_Task requirements_:
A verbatim copy of the listing is needed; pictures are to be left out.

_Dataset content_:
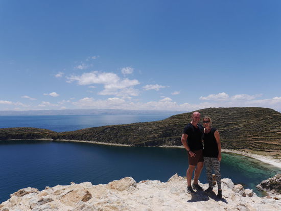 Am naechsten Morgen ließen wir uns dann vom Taxiboot auf der Nordseite der Isla del Sol (Cha'llapampa) absetzen und wanderten auf die Suedseite (Yumani). Eine der schoensten Wanderungen bisher. Auf der Nordseite besichtigten wir dann noch den Chincana Komplex, der die Reste des Sonnentempels, den heilligen Felsen und den Inka-Palast umfasst. Oder besser gesagt was davon noch uebrig ist. Wir entschieden uns dann die Bergroute zu nehmen und hatten so herrliche Ausblicke. Auf der Suedseite sahen wir dann noch die Inka- Treppe und den Inka- Brunnen. Angeblich soll es Glueck und Gesundheit bringen, wenn man sich dort in allen drei Becken die Haende waescht. Klar, dass wir das sofort gemacht haben.
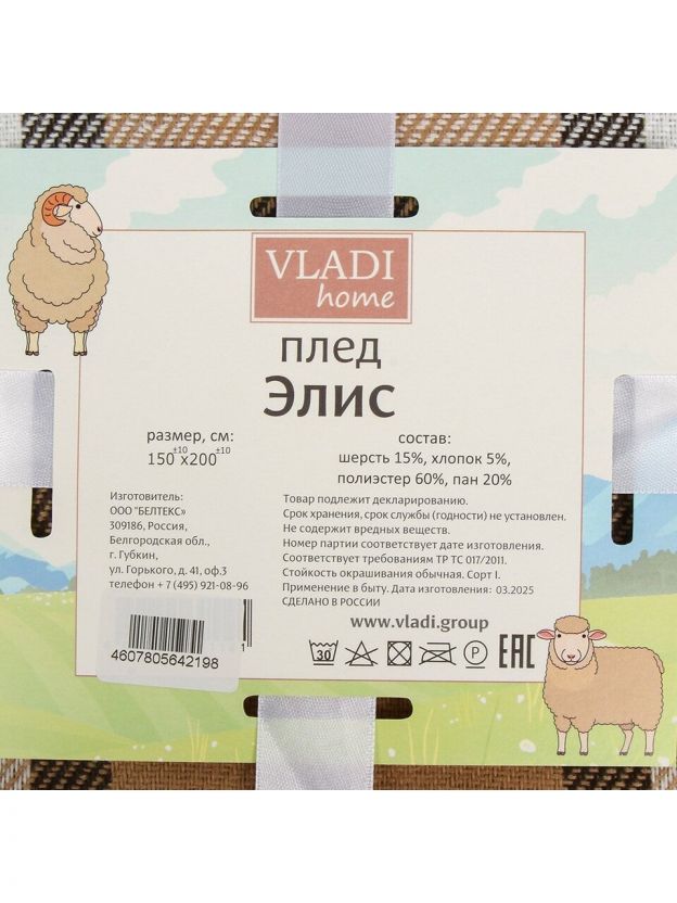 Плед 1.5-спальный Vladi Элис 150x200 см: уют, тепло и стиль для дома и дачи — шерсть, хлопок, двухсторонний дизайн, выгодная цена
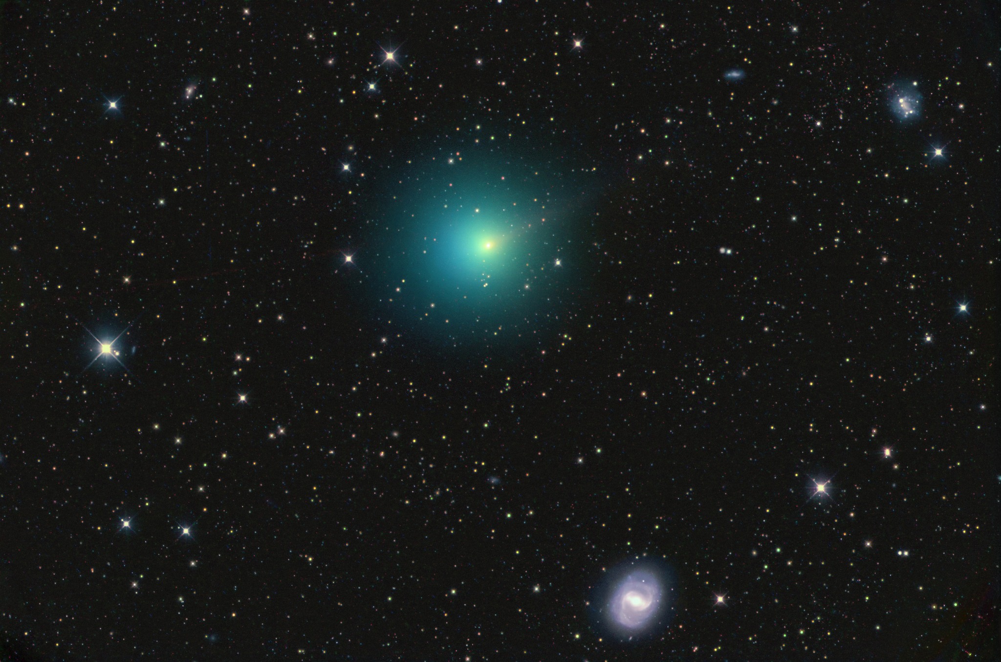 24P/Schaumasse near Messier 91 2025 dec. 29 2.25 UT RGB14x180sec 14"/4.2 QHY600 Michael Jäger, Gerald Rhemann Center (RA, Dec): (189.041, 14.878) Center (RA, hms): 12h 36m 09.888s Center (Dec, dms): +14° 52' 41.475" Size: 83.1 x 55 arcmin Radius: 0.831 deg Pixel scale: 2.44 arcsec/pixel "Orientation", may be incorrect, use at your own risk: Up is 2.1 degrees E of N

_Exercise output_:
 Am naechsten Morgen ließen wir uns dann vom Taxiboot auf der Nordseite der Isla del Sol (Cha'llapampa) absetzen und wanderten auf die Suedseite (Yumani). Eine der schoensten Wanderungen bisher. Auf der Nordseite besichtigten wir dann noch den Chincana Komplex, der die Reste des Sonnentempels, den heilligen Felsen und den Inka-Palast umfasst. Oder besser gesagt was davon noch uebrig ist. Wir entschieden uns dann die Bergroute zu nehmen und hatten so herrliche Ausblicke. Auf der Suedseite sahen wir dann noch die Inka- Treppe und den Inka- Brunnen. Angeblich soll es Glueck und Gesundheit bringen, wenn man sich dort in allen drei Becken die Haende waescht. Klar, dass wir das sofort gemacht haben.
 Плед 1.5-спальный Vladi Элис 150x200 см: уют, тепло и стиль для дома и дачи — шерсть, хлопок, двухсторонний дизайн, выгодная цена
 24P/Schaumasse near Messier 91 2025 dec. 29 2.25 UT RGB14x180sec 14"/4.2 QHY600 Michael Jäger, Gerald Rhemann Center (RA, Dec): (189.041, 14.878) Center (RA, hms): 12h 36m 09.888s Center (Dec, dms): +14° 52' 41.475" Size: 83.1 x 55 arcmin Radius: 0.831 deg Pixel scale: 2.44 arcsec/pixel "Orientation", may be incorrect, use at your own risk: Up is 2.1 degrees E of N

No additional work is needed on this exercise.